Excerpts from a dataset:
>>>>
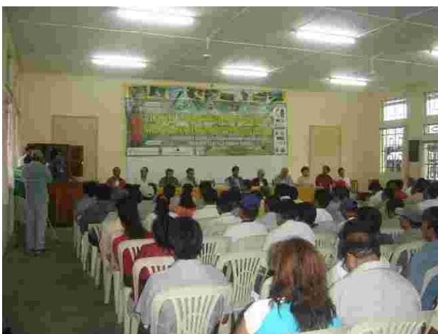
Inauguración del “XI Encuentro Nacional de Productores Ecológicos del Perú”, dando inicio al día de conferencias magistrales

En este espacio se dio la presentación de las conferencias magistrales nacionales e internacionales a cargo de profesionales con experiencia en el tema. Aquí se abordaron temas enmarcados en tres grandes ejes temáticos, lo que implicó el desarrollo de los mismos en tres ambientes a tiempos paralelos
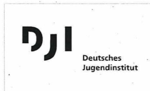
Deutsches Jugendinstitut München
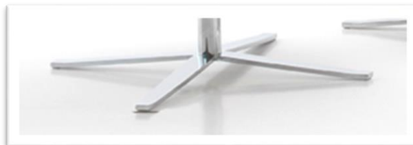
Base de 4 radios de pulida plana. RF. R7
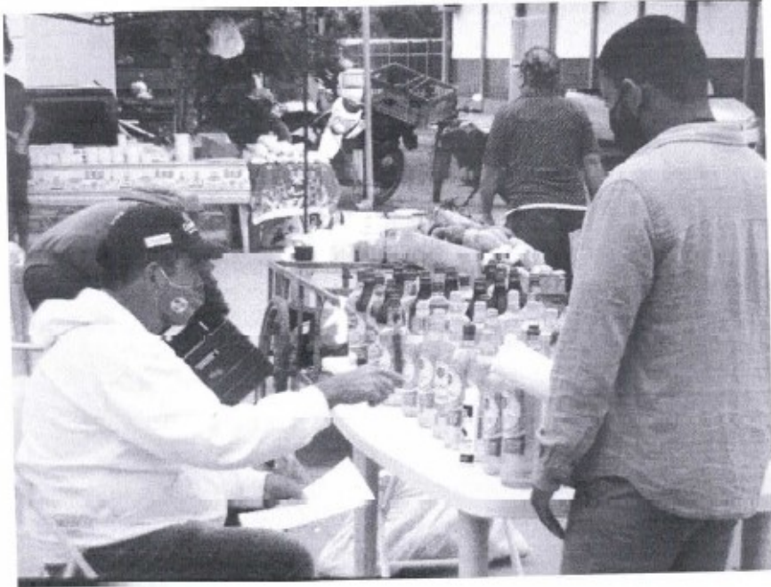
Ação educativa com os catadores de lixo recicláveis
<<<<
Every line above should be copied exactly; do not carry over the pictures.

• **TASK RESPONSE**
Inauguración del “XI Encuentro Nacional de Productores Ecológicos del Perú”, dando inicio al día de conferencias magistrales

En este espacio se dio la presentación de las conferencias magistrales nacionales e internacionales a cargo de profesionales con experiencia en el tema. Aquí se abordaron temas enmarcados en tres grandes ejes temáticos, lo que implicó el desarrollo de los mismos en tres ambientes a tiempos paralelos
Deutsches Jugendinstitut München
Base de 4 radios de pulida plana. RF. R7
Ação educativa com os catadores de lixo recicláveis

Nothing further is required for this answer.